Phase 4a: Integer PK migration

Many tables have dual columns: page_id_old (TEXT, legacy) and page_id_int (INTEGER, new). The migration is in progress:

  • New writes go to both columns (dual-write)
  • Reads are migrating from old to new
  • Once reads are fully cut over, page_id_old columns will be dropped (Phase D2b)

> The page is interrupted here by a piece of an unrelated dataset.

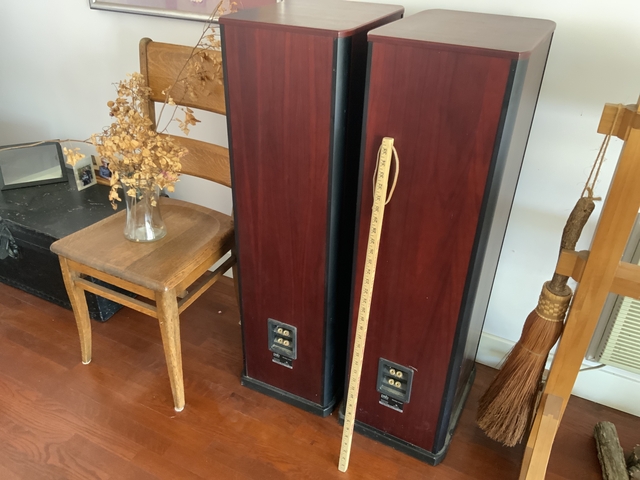 a pair of PSB floor speakers, maybe 20 years old but great speakers.
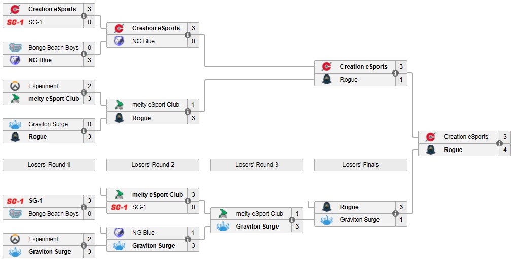 Uczestnicy turnieju: Creation eSports, Rouge, melty eSport Club, SG-1, Northern Gaming Blue, Bongo Beach Boys, Experiment, Graviton Surge

Domain 2: Citation & Verification System

Tracks footnote citations, fetched source content, accuracy verification, and hallucination risk scoring.

Diagram (loading…)
erDiagram
  wiki_pages ||--o{ citation_quotes : "has"
  wiki_pages ||--o{ page_citations : "has"
  wiki_pages ||--o{ citation_accuracy_snapshots : "scored by"
  wiki_pages ||--o{ hallucination_risk_snapshots : "assessed by"
  resources ||--o{ citation_quotes : "sourced from"
  resources ||--o{ page_citations : "linked to"
  resources ||--o| citation_content : "fetched as"
  resources ||--o{ resource_citations : "cited on"
  wiki_pages ||--o{ resource_citations : "uses"
  citation_quotes {
      bigserial id PK
      text page_id_old FK
      integer footnote
      text url
      text resource_id FK
      text claim_text
      text source_quote
      boolean quote_verified
      text accuracy_verdict
      real accuracy_score
  }
  citation_content {
      text url PK
      text resource_id
      integer http_status
      text page_title
      text full_text
      text content_hash
  }
  citation_accuracy_snapshots {
      bigserial id PK
      text page_id_old FK
      integer total_citations
      integer checked_citations
      integer accurate_count
      real average_score
      timestamp snapshot_at
  }
  page_citations {
      bigserial id PK
      varchar reference_id UK
      text page_id_old FK
      varchar title
      varchar url
      text resource_id FK
  }
  hallucination_risk_snapshots {
      bigserial id PK
      text page_id_old FK
      integer score
      text level
      jsonb factors
      timestamp computed_at
  }
  resource_citations {
      text resource_id PK "FK to resources"
      text page_id_old PK "FK to wiki_pages"
  }

Key tables

TablePurpose
citation_quotesPer-footnote citation data with LLM verification. accuracy_verdict: accurate, minor_issues, inaccurate, unsupported, not_verifiable. Unique on (page_id, footnote).
citation_contentCached fetched HTML/text from source URLs. Keyed by URL.
citation_accuracy_snapshotsPoint-in-time page-level citation health aggregations.
page_citationsRegular (non-claim) footnote citations. reference_id shared namespace with legacy claim references.
hallucination_risk_snapshotsLLM-assessed hallucination risk per page. Score 0–100, level: low/medium/high.
resource_citationsMany-to-many join: which resources are cited on which pages.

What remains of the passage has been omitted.